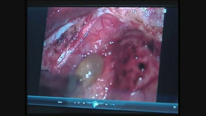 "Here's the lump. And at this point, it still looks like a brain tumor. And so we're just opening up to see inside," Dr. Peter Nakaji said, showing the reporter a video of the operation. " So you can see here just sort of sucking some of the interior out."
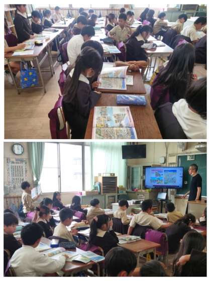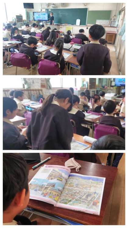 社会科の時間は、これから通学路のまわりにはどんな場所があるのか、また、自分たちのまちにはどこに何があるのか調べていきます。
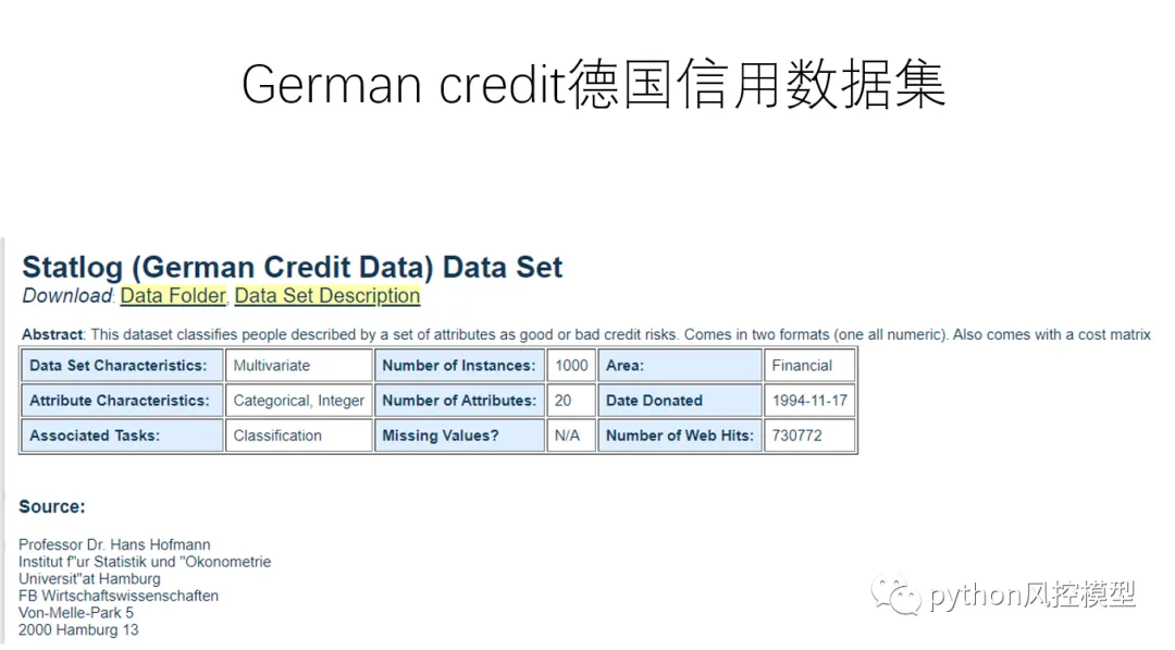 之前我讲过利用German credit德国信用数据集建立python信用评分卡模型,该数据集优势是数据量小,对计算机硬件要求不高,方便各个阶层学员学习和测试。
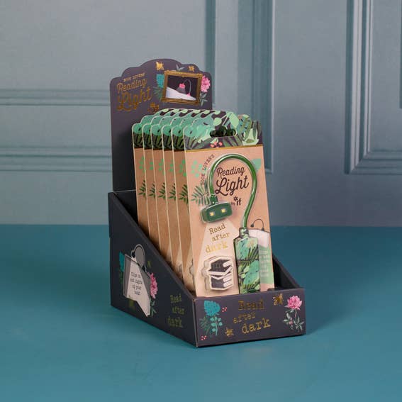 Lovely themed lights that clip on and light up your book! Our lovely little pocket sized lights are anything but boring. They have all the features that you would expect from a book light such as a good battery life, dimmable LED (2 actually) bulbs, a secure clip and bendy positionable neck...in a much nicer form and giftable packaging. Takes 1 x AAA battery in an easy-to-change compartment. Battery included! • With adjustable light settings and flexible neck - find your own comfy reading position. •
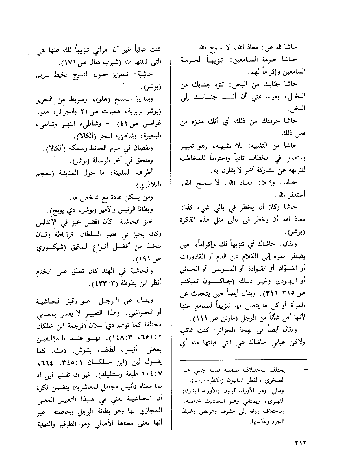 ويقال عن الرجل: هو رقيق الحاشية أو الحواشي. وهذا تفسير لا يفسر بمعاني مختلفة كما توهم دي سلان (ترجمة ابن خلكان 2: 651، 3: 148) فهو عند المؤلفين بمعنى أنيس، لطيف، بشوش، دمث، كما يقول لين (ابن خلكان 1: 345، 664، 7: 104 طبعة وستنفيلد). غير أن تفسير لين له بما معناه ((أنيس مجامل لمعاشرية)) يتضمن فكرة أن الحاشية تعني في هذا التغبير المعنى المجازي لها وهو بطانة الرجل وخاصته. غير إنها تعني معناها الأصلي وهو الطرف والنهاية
--
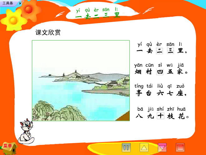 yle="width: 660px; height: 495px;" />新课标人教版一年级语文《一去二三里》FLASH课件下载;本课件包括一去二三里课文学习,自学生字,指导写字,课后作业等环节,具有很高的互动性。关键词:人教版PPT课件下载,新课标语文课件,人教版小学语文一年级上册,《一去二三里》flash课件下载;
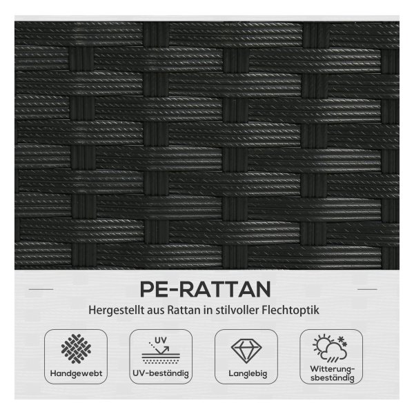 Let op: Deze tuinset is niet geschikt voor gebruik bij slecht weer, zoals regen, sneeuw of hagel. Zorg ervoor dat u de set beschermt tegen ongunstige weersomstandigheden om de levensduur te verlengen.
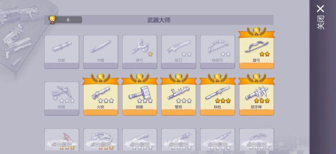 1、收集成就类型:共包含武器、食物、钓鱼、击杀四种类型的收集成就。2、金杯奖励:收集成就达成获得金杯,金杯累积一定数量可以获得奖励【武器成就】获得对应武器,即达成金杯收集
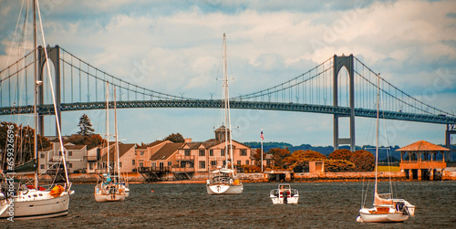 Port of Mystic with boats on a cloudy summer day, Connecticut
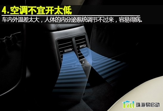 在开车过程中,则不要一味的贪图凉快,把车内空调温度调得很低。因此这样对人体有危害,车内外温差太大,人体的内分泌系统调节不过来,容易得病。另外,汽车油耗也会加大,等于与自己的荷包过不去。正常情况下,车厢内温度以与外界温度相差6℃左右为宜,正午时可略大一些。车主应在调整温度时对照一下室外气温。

» To do
Within the listing above, the stretch from the line with "the lump. And" down to the line with "之前我讲过利用German credit" is to be given again exactly, end lines included and pictures excluded.

» Completed task
 "Here's the lump. And at this point, it still looks like a brain tumor. And so we're just opening up to see inside," Dr. Peter Nakaji said, showing the reporter a video of the operation. " So you can see here just sort of sucking some of the interior out."
 社会科の時間は、これから通学路のまわりにはどんな場所があるのか、また、自分たちのまちにはどこに何があるのか調べていきます。
 之前我讲过利用German credit德国信用数据集建立python信用评分卡模型,该数据集优势是数据量小,对计算机硬件要求不高,方便各个阶层学员学习和测试。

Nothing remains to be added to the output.